Left ventricular samples from end-stage heart failure patients have increased expression of necroptotic proteins, suggesting a role for necrotptosis in heart failure[57]. In DIC specifically, necrostatin-1 has a protective effect in vitro, while dexrazoxane during doxorubicin treatment is both able to downregulate apoptosis and necroptosis suggesting the involvement of both pathways in the pathogenesis of DIC[58]. In addition, doxorubicin activates necroptosis through an alternative and novel necroptotic pathway, which together with necrosis causes more cell death than apoptosis (Fig. 3)[59]. Doxorubicin upregulates RIPK3 which binds and phosphorylates calmodulin kinase II (CaMKII) which in turn regulates the opening of the mitochondrial permeability transition pore (mPTP) leading to necroptosis and apoptosis.

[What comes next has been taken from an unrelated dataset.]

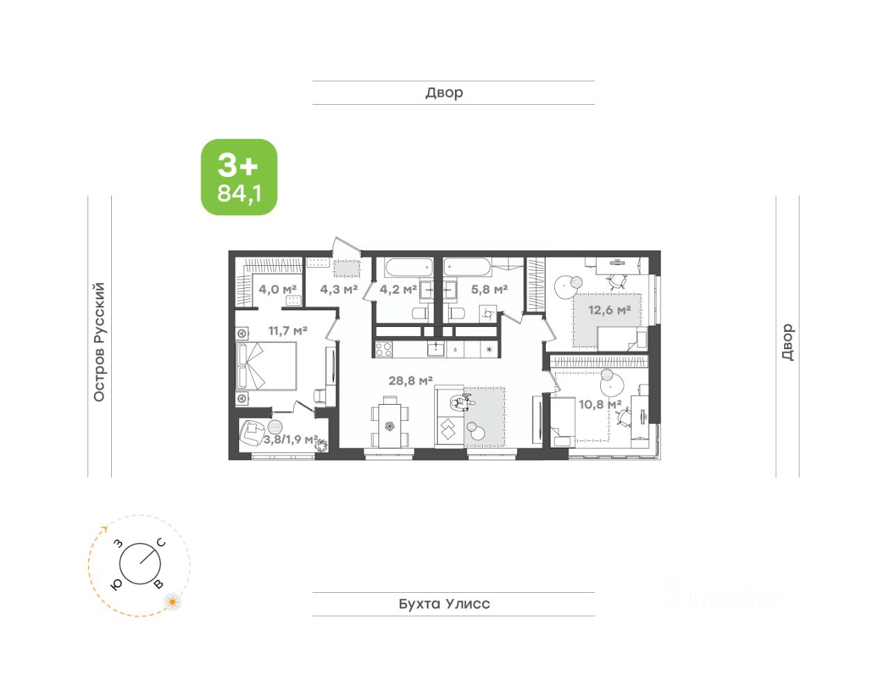 Кухня-столовая 28,8 кв.м станет настоящим сердцем квартиры, где можно готовить семейные завтраки и ужины, а также проводить время в кругу близких людей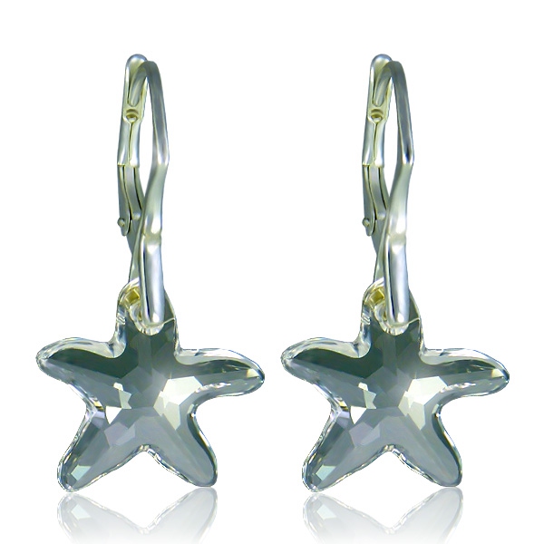 Náušnice jsou osazeny originálními krystaly z produkce společnosti Swarovski. Velikost krystalů je 16 mm. Náušnice jsou dodávány na stříbrné klapce ryzosti 925/1000 s povrchovou úpravou CLEAR.

Evidently, necroptosis can occur in the absence of RIPK1 and MLKL[59]. The characterization of the exact players in doxorubicin-induced necroptosis will allow the identification of novel agents that may block this pathway. To date, necrostatin-1 and KN-93, a CAMKII inhibitor, have shown protection from DIC in experimental models[58,59].

Pyroptosis

Pyroptosis was first demonstrated in 2001[60] and is now widely recognized to play a crucial role in the pathogenesis of cardiovascular diseases[61]. Pyroptosis is characterized by increased inflammation and activation of caspase -1, caspase-3, caspase-4, and caspase-11 as well as NLR family pyrin domain containing 3 (NLRP3) leading to the cleavage of Gasdermin D (GSDMD) or GSDME and to the rupture of the plasma membrane that allows the release of interleukin-1beta (IL-1β) and IL-18[62-64].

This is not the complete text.